Keywords: Cardiac Resynchronization Therapy, Heart Failure, Ventricular Remodeling, Ventricular Arrhythmias
摘要
背景:
右室导线位置对心脏再同步治疗(cardiac resynchronization therapy,CRT)后室性心律失常(ventricular arrhythmias,VTA)的影响并不明确,为此本研究评价CRT右室导线位于右室中位间隔部(right ventricular middle septum, RVMS)和右室心尖部(right ventricular apical, RVA)对于VTA的影响。
方法:
选取我院心脏中心2012年5月至2016年7月行心脏再同步治疗和植入式除颤器(cardiac resynchronization therapy defibrillator,CRT-D)治疗的患者352例,统计2年的临床随访资料和起搏器随访资料,根据右室导线位置的不同分为RVMS组 和RVA组,通过Kaplan-Meier曲线和COX多因素分析评价右室导线位置对VTA的影响。
结果:
不考虑左室导线位置时,RVMS组和RVA组对VTA无影响。但亚组分析发现当左室导线位于前侧静脉(anterolateral cardiac vein,ALCV)时,RVMS有增加VTA、恰当除颤风险(HR=3.29, P=0.01 和 HR=4.33, P<0.01),当左室导线为后侧静 脉(posterolateral cardiac vein,PLCV)时,RVMS组风险降低(HR=0.45, P=0.02和HR=0.33, P<0.01),当左室导线为外侧静 脉(lateral cardiac vein,LCV)时,两组间无明显差异。对于不恰当除颤,各组之间均无明显差异。
结论:
左室导线为ALCV和PLCV时,右室导线位置与CRT后VTA的发生和恰当除颤相关。较远的导线间距离除了进一步改善 心功能外还有可能降低VTA的风险。
INTRODUCTION
Cardiac resynchronization therapy (CRT) can significantly improve the cardiac function of chronic heart failure patients with cardiac asynchrony. In addition to reducing the hospitalization rate for heart failure and hard endpoints such as all-cause mortality,[1,2] CRT can also reduce the risk of ventricular arrhythmias (VTA).[3] A subgroup study in the MADIT-CRT showed that the number of VTA and appropriate defibrillation in patients with left ventricular ejection fraction (LVEF) >50% after CRT significantly decreased, whereas there was no significant change in patients with LVEF <35%.[4] The antiarrhythmic function of CRT may be associated with improvements in myocardial remodeling and electrical remodeling.[5,6,7]
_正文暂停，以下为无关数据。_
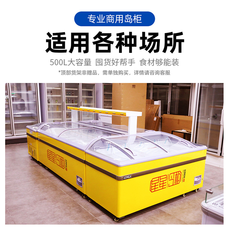 Stars 500 Litres Commercial Frozen Display Cabinet Supermarket Arc Combined Cabinet Glass Door Large Capacity Frozen Island Cabinet

Previous studies showed that the left ventricular lead location has an important influence on myocardial remodeling and arrhythmias in CRT patients. Compared with the apex and anterior wall, the lateral wall and posterior lateral wall have better responsiveness and confer a lower risk of VTA.[8,9] However, few studies have been reported on the influence of the right ventricular lead position, and the results are not consistent.[10,11,12] However, it has been shown that the right ventricular lead position affects myocardial remodeling corresponding to different left ventricular lead positions; in addition, the improvement in myocardial remodeling might be associated with the distance between left and right ventricular leads or electrical separation.[13,14] The CRT efficacy may increase for greater distances between the right ventricular lead position and the left ventricular lead position. However, the effect of lead distance on VTA remains unclear.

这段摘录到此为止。